I thought of an analogy for our project that seems to fit fairly well. We're the "relational database for code". Relational databases change the way people think about storage. Before they existed, if you wanted to store some data, you opened a file and put whatever you wanted into it. When you read the data, you have to parse the file format, and you can only read the file sequentially, and so on and so forth. There are tons of different file formats that people use, but everybody does it differently, and if you wanted to be able to use the data in a lot of different ways, you had to think very hard about the different ways and design a file format that allows you to be efficient about it -- leading to greater complexity, bugs, and poor flexibility.

Enter the Relational Database. In order to use a relational database, you have to think a little about the data you intend to store. You have to organize it into relations: what pieces of data are associated with what other pieces of data, etc. You also have to tell the system a few other details about how the data will be used -- indexes, views, etc. But once you do this, it's massively easier to deal with all sorts of data. It's more flexible, because you can write queries that ask the database all sorts of questions that you couldn't have anticipated while you were creating it. Relational databases are also better performing, because the database creators were able to put in a lot of advanced technology to use indexes and perform query optimization and so on that you would rarely have the resources to be able to write yourself. Both this performance and this flexibility are gained from telling the database some critical information about the data that you're storing; you can't generalize the idea of a join between relations without the user telling you what is in a column.

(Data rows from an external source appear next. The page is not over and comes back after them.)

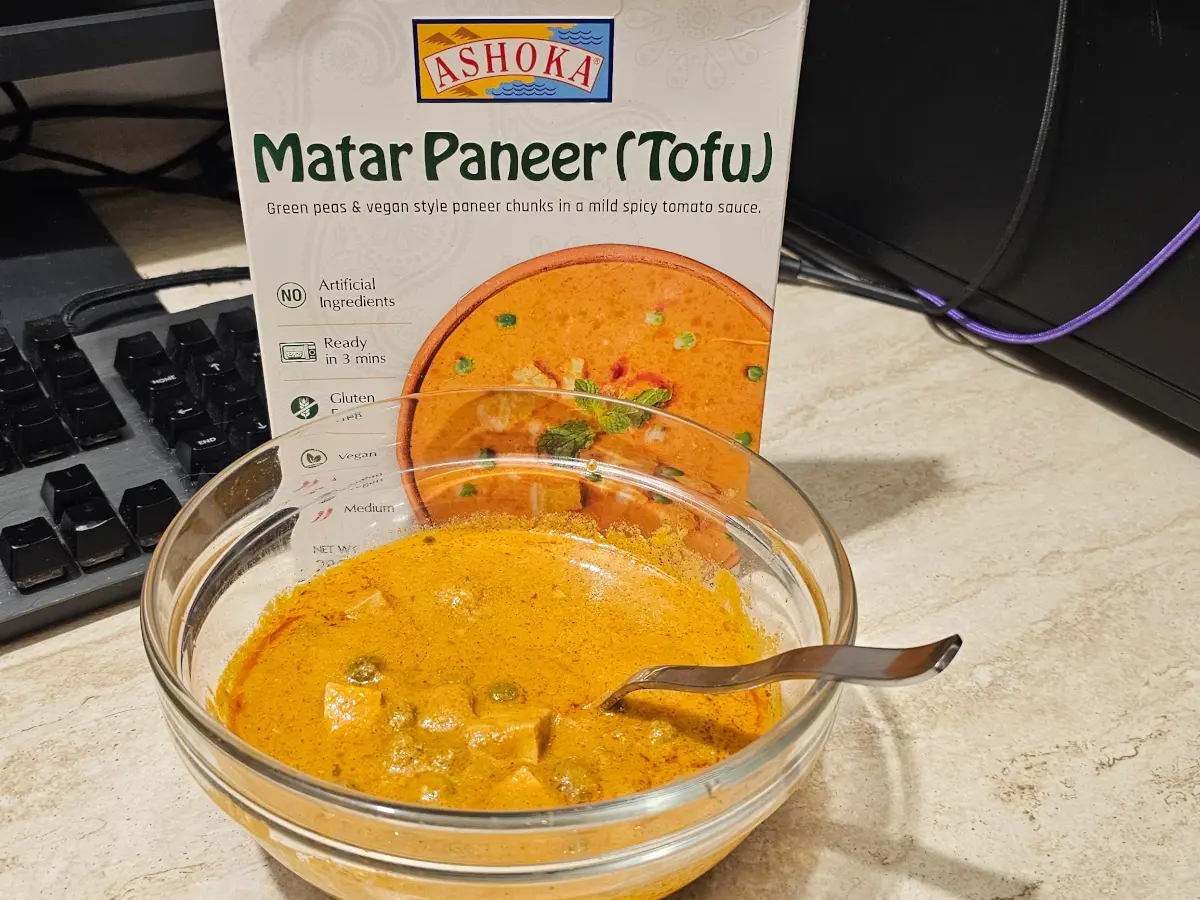 Green peas & vegan style paneer chunks in a mild spicy tomato sauce.
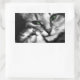 Black and white photograph of a green-eyed tabby cat cuddling an adorable little kitten.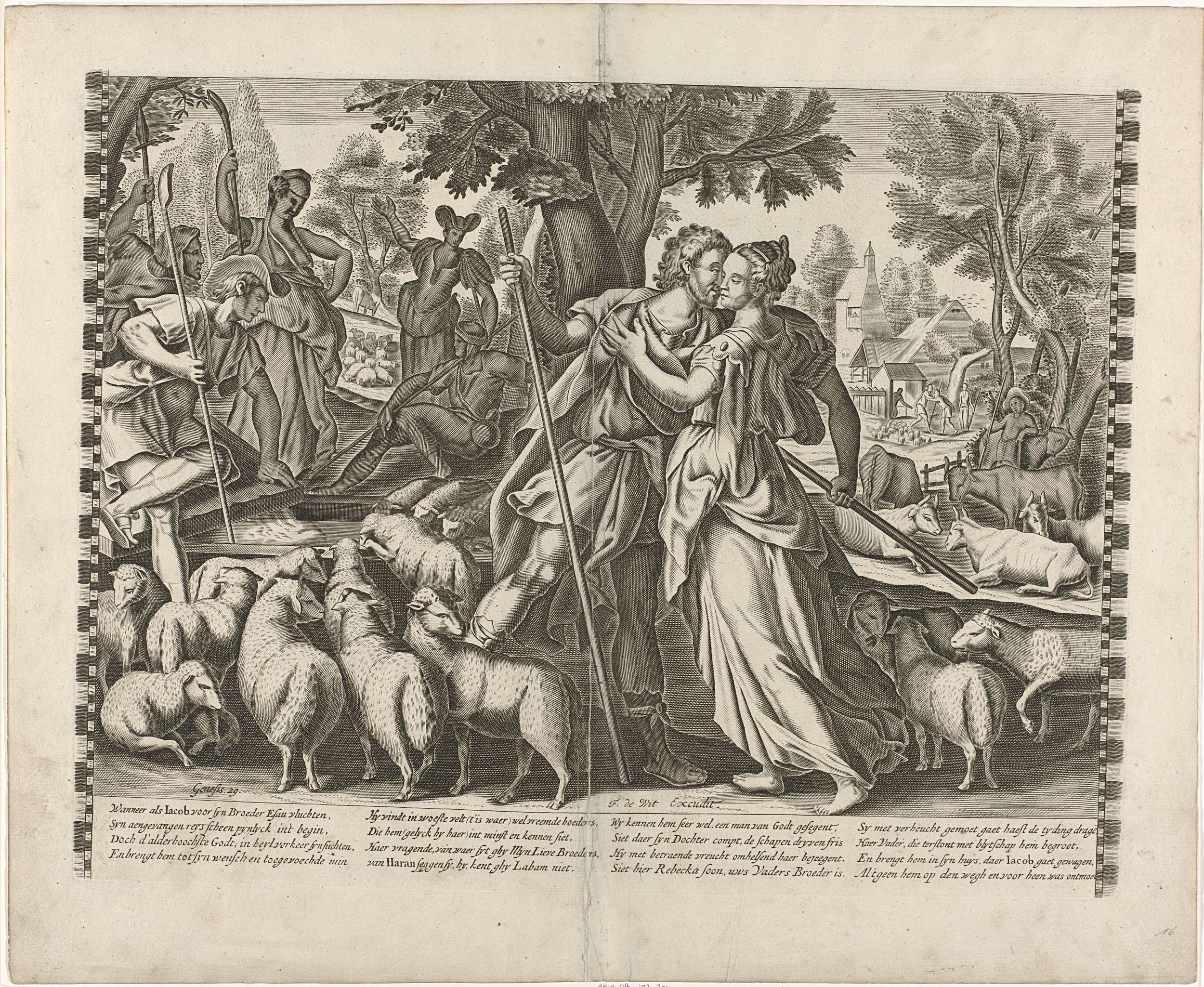 Bij de bron in Haran ontmoet Jakob Rachel, die haar vaders schapen te drinken geeft. Jakob omhelst Rachel. Daarnaast drinken de schapen bij de put, waarvan Jakob de deksteen heeft verwijderd. Links en rechts een pasrand. Onder de voorstelling vier vierregelige verzen in het Nederlands en een verwijzing naar de Bijbeltekst in Gen. 29.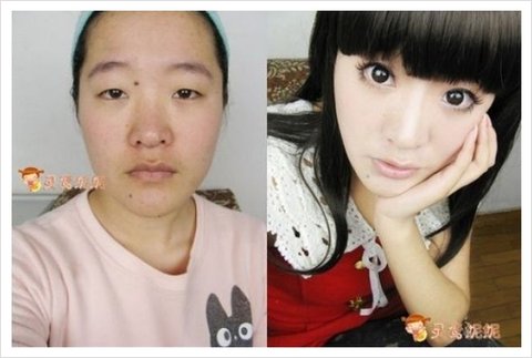 속눈썹을 그리고 눈매를 정돈, 피부를 칠하고 입의 형태를 부드럽게 한 다음 이빨을 더욱 가지런히 합니다.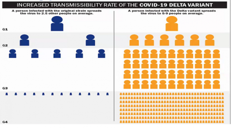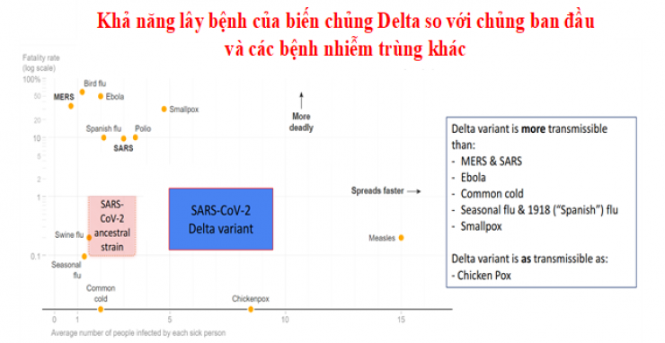 Hai hình trên cho các bạn thấy một người nhiễm chủng Alpha gây lây nhiễm cho 2,3 -2,5 người (tương tự cúm mùa), trong khi đó chủng Delta lây nhiễm cho 5-9 người (tương tự bệnh đậu mùa)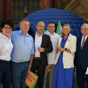 Wśród ludowców pełna mobilizacja i na Rynku stawili się wszyscy kandydujący z Trzeciej Drogi do Sejmu. Brylowali samorządowcy: Mariola SZCZESNA, burmistrz Lwówka Śląskiego i Andrzej NIEMIEC, wójt Malczyc(kandyduje z okręgu wrocławskiego). Oboje mają ogromne atuty: za ich samorządowej kadencji zarówno Lwówek Śląski ,jak i Malczyce przechodzą prawdziwą metamorfozę gospodarczo-inwestycyjną.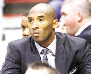 因伤休战的湖人队球员科比·布莱恩特在场边观战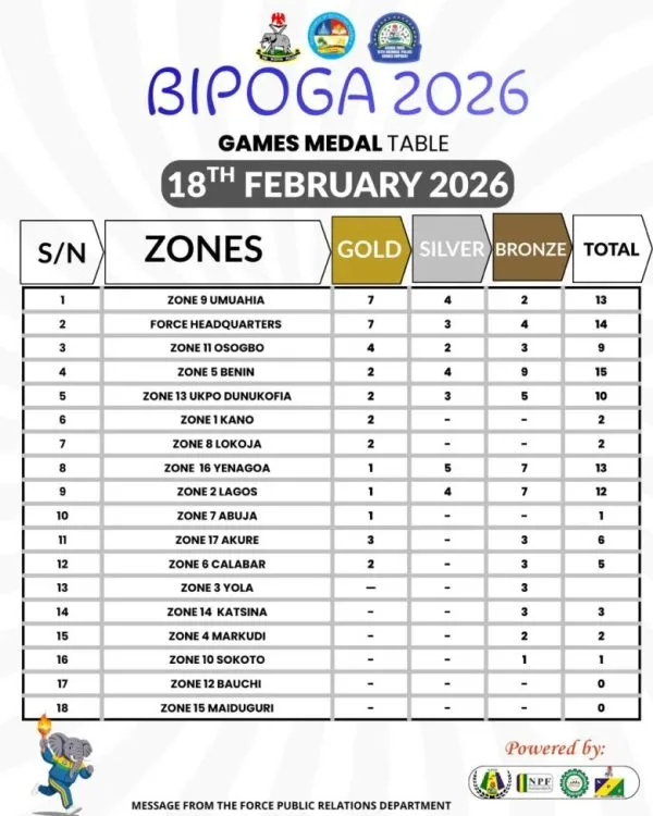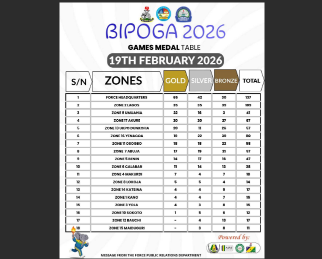 As the curtain falls on BIPOGA 2026, the medal table reflects not just sporting excellence, but the competitive spirit and unity among officers of the Nigeria Police Force across the federation.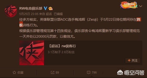 在近期一则消息引起了非常多人的热议,那就是RW的ad选手在韩服打rank的时候因为骂人被doinb举报,后面RW俱乐部直接给他处以罚款。要知道作为职业选手在打rank的时候是要起到表率的作用,不然受到的处罚也是比普通玩家要严厉很多。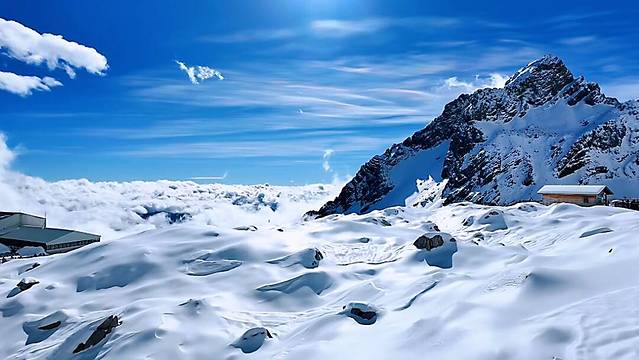 刚下过的大雪和点点的日照金山,完全被雪山的美所震撼

We are aiming for a similar paradigm shift for software, especially communicating software: tell the system a little bit about how your functionality is structured -- what operations apply to which pieces of data. Stuff that you probably know anyway, or can figure out. Once you've explained this to the system, the system provides lots of flexibility (through making it easy to send messages, implement new objects, etc.) and performance (through parallelism, optimization, distribution, etc.).